They never said what the hold up was, or if in fact they were waiting on me. They simply made an appointment for me to come back to get fingerprinted, in 15 days. They gave me the paper saying to bring photos and my payment receipt, but didn't give me the form to take to the bank until I asked for it.

So in two weeks I'll get fingerprinted, and based on last year two weeks after that I'll be able to go back and pick up the card. I think last year they said they would notify me when the card was ready, but didn't, so the two weeks was how long I waited before I went back, and they just handed me the card without an explanation for why I hadn't been notified it was ready.

They really need more capacity at the Cancun office, it's a total zoo. More space, more employees, they could do with another entire office somewhere else in town, really.

I envy all of you who have sleepy little INM offices to go to with nobody waiting and 2 day turnaround on the whole process.


----------



## surabi (Jan 1, 2017)

eastwind said:


> I had a good day at the INM in Cancun today.
> 
> My first-year RT expired last september, and I applied for an extension just before it expired. They tried to tell me it was unlikely I'd be approved for a 3-year extension, but I had a bank statement showing $300k from the sale of my house in an account that hadn't been touched for 9 months and went ahead with the 3 year application and they accepted the paperwork on 9/19. On 9/22 they assigned the case to someone according to the online status. On 10/16 they updated it and said "Registre los datos para la expedición de su documento migratorio". Since then nothing.
> 
> ...


Glad it's moving along for you. I'm permanente now, but back when I had to go for RT renewals, it was always a zoo in PV and then in Bucerias and then in Nuevo Vallarta for those whose renewals came up between November and April, when all the "it's too hot for me in the summer here" wimps were back. Those who were lucky enough to have made their original applications (and therefore subsequent renewals) in the summer months enjoyed a virtually empty office with no line-ups. 
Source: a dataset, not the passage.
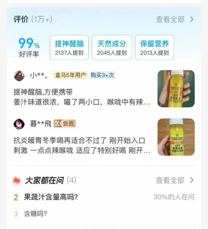 盒马APP页面显示,姜黄饮评价1万+,好评率高达99%,上千人提到“提神醒脑”“天然成分”“保留营养”等关键词。

And I clued in at some point that everyone went early and then had to take a number and wait for hours. I started going about 45 minutes before closing time and the office was pretty much empty.


----------



## eastwind (Jun 18, 2016)

Wow, they had numbers? 

In Cancun, the office closes at 2:00 pm every day for the rest of the day. If you are waiting in line outside and haven't made it inside yet, you are turned away. Come back tomorrow. If you make it inside before 2:00, they finish off the people waiting, but unless you have everything in order you'll get sent off to get something and come back another day anyway.
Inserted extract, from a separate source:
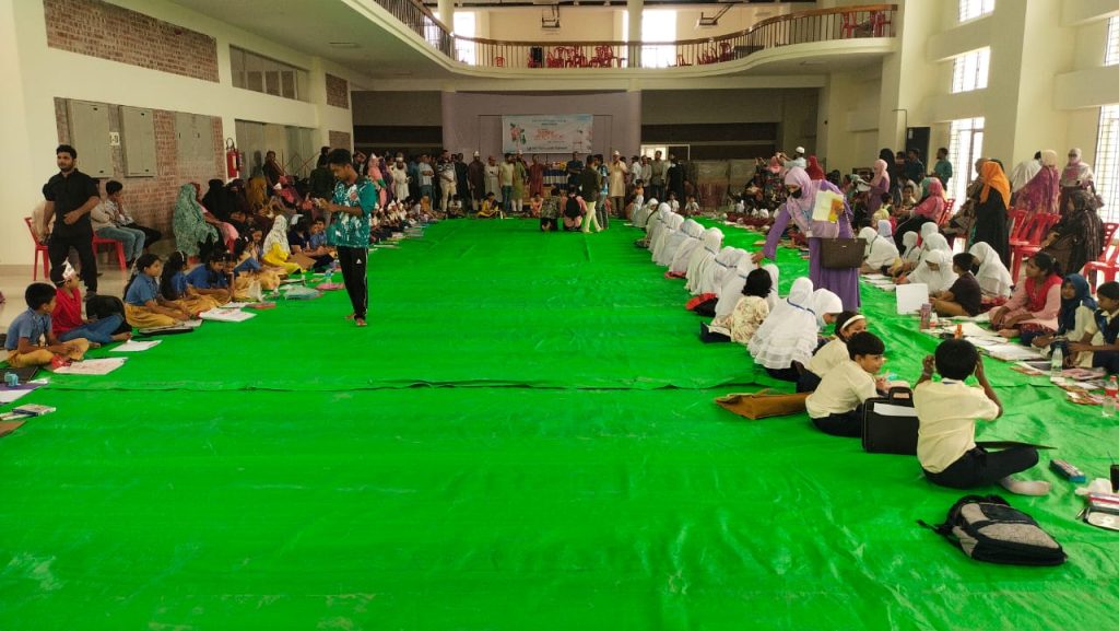 শিশুদের চোখে ‘জুলাই গণঅভ্যুত্থান’: চিত্রাঙ্কনে ফুটে উঠল সাহস ও স্বপ্ন। সকাল ১১টায় বিশ্ববিদ্যালয়ের কনভেনশন হলে অনুষ্ঠিত হয় শিশু চিত্রাঙ্কন প্রতিযোগিতা। ‘জুলাই গণঅভ্যুত্থান’ বিষয়কে কেন্দ্র করে প্রথম থেকে পঞ্চম শ্রেণির শিক্ষার্থীরা তাদের রঙ তুলিতে তুলে ধরে গণতন্ত্রের বর্ণিল স্বপ্ন। পর্যবেক্ষক শিক্ষকরা বলেন, “ছোটদের তুলিতে বড় বার্তা—এটা শুধুই প্রতিযোগিতা নয়, ভবিষ্যতের সচেতন নাগরিক তৈরির পথচলা।”

Cancun has separate lines for people with appointments. Also when you go through the long line and they finally agree you have your paperwork all together they give you a card with a number which is your place in the shorter line to turn in the paperwork. But they don't do numbers for the long line. They have a system of ordering for the seats inside, and you slide from one seat to the next to maintain your place in line once you get in the building.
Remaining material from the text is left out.